Required action.
Would you repeat every entry below word for word but drop the images?

Dataset excerpts.
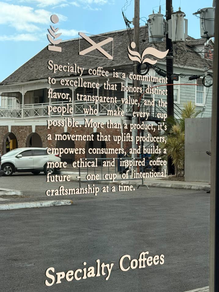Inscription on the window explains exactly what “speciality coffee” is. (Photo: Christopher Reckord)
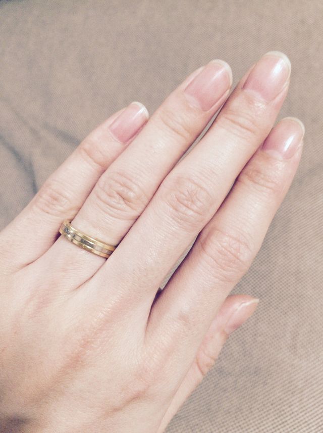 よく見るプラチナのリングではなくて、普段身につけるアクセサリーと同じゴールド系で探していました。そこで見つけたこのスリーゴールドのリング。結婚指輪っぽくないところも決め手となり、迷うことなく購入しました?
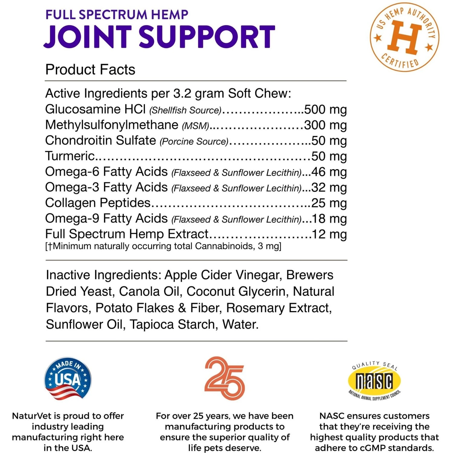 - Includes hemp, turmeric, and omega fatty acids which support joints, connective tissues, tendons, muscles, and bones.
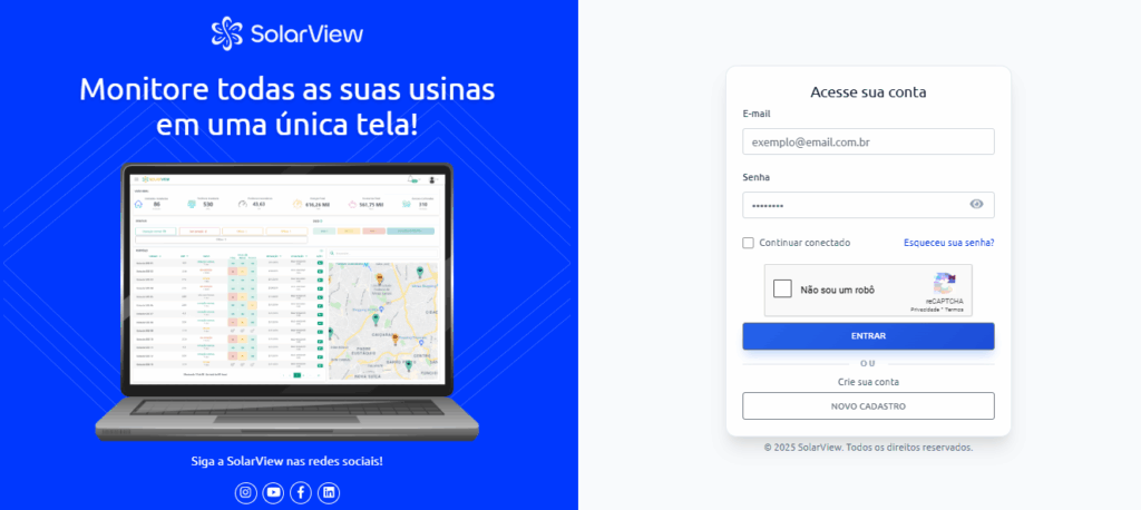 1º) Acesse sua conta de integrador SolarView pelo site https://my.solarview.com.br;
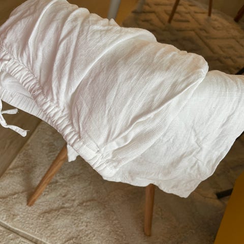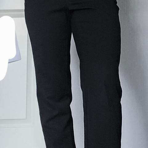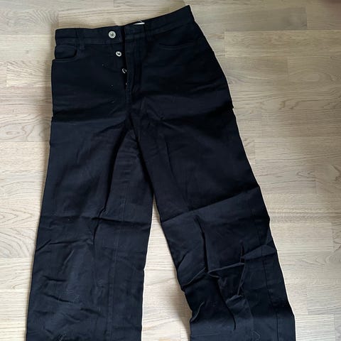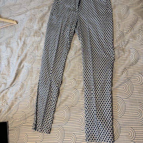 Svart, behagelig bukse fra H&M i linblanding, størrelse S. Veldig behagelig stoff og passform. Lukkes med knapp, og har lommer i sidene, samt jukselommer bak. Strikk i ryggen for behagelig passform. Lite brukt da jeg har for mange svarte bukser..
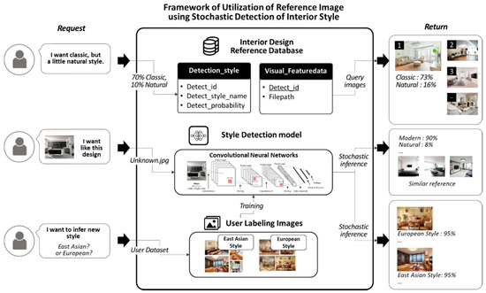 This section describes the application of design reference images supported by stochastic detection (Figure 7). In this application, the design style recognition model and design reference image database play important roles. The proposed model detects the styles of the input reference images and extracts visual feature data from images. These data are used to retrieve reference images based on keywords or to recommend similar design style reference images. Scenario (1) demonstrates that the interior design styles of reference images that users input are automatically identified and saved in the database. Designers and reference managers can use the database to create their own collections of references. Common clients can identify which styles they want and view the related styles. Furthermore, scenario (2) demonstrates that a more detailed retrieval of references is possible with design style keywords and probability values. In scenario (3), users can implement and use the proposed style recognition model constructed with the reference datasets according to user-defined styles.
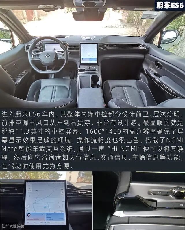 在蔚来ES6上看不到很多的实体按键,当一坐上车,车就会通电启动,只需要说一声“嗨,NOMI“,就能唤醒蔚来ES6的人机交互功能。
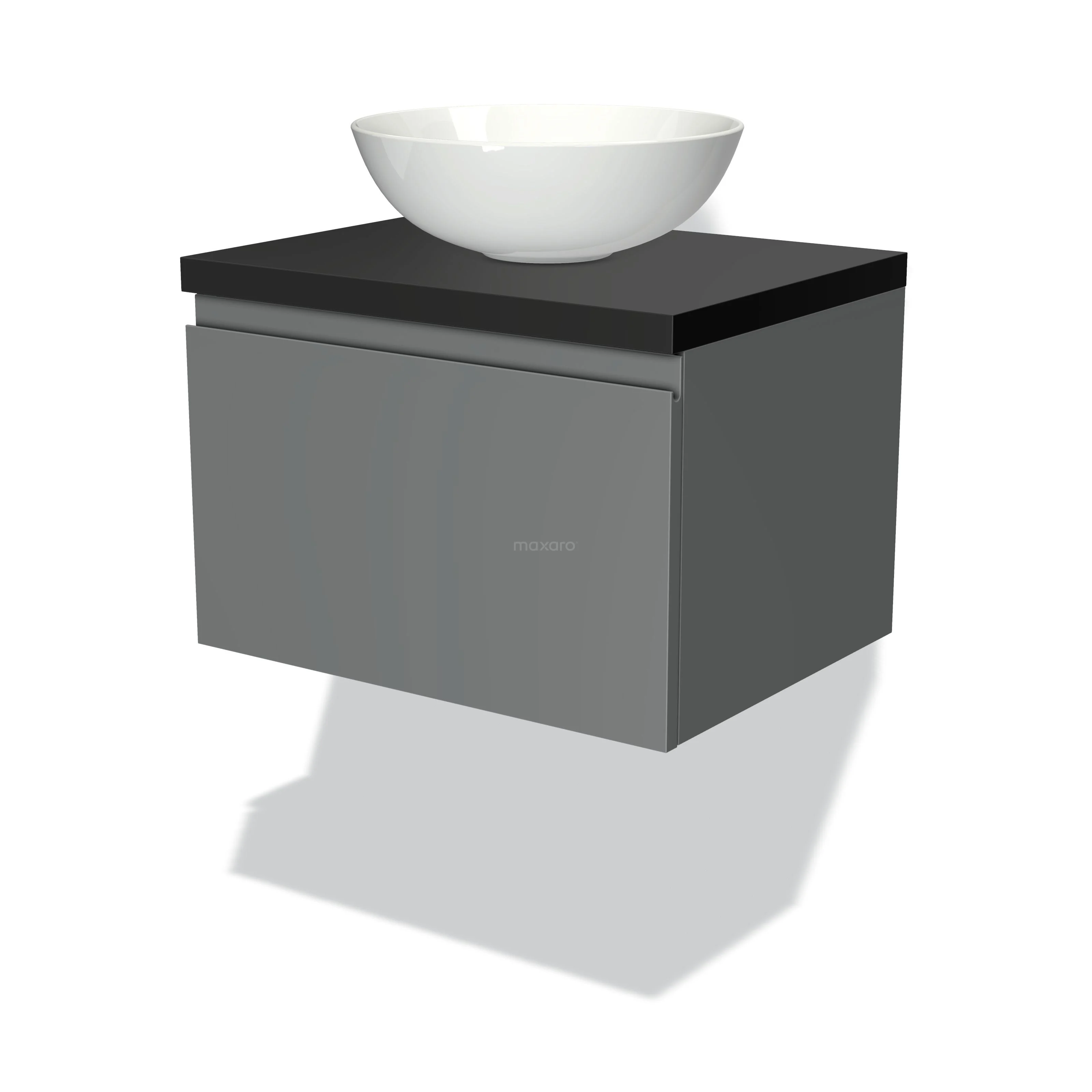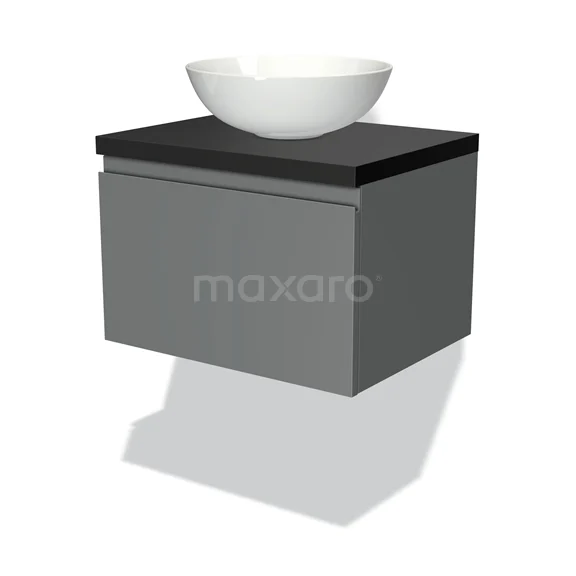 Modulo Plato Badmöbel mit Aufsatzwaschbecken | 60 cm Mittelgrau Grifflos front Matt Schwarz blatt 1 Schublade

Answer section.
Inscription on the window explains exactly what “speciality coffee” is. (Photo: Christopher Reckord)
 よく見るプラチナのリングではなくて、普段身につけるアクセサリーと同じゴールド系で探していました。そこで見つけたこのスリーゴールドのリング。結婚指輪っぽくないところも決め手となり、迷うことなく購入しました?
 - Includes hemp, turmeric, and omega fatty acids which support joints, connective tissues, tendons, muscles, and bones.
 1º) Acesse sua conta de integrador SolarView pelo site https://my.solarview.com.br;
 Svart, behagelig bukse fra H&M i linblanding, størrelse S. Veldig behagelig stoff og passform. Lukkes med knapp, og har lommer i sidene, samt jukselommer bak. Strikk i ryggen for behagelig passform. Lite brukt da jeg har for mange svarte bukser..
 This section describes the application of design reference images supported by stochastic detection (Figure 7). In this application, the design style recognition model and design reference image database play important roles. The proposed model detects the styles of the input reference images and extracts visual feature data from images. These data are used to retrieve reference images based on keywords or to recommend similar design style reference images. Scenario (1) demonstrates that the interior design styles of reference images that users input are automatically identified and saved in the database. Designers and reference managers can use the database to create their own collections of references. Common clients can identify which styles they want and view the related styles. Furthermore, scenario (2) demonstrates that a more detailed retrieval of references is possible with design style keywords and probability values. In scenario (3), users can implement and use the proposed style recognition model constructed with the reference datasets according to user-defined styles.
 在蔚来ES6上看不到很多的实体按键,当一坐上车,车就会通电启动,只需要说一声“嗨,NOMI“,就能唤醒蔚来ES6的人机交互功能。
 Modulo Plato Badmöbel mit Aufsatzwaschbecken | 60 cm Mittelgrau Grifflos front Matt Schwarz blatt 1 Schublade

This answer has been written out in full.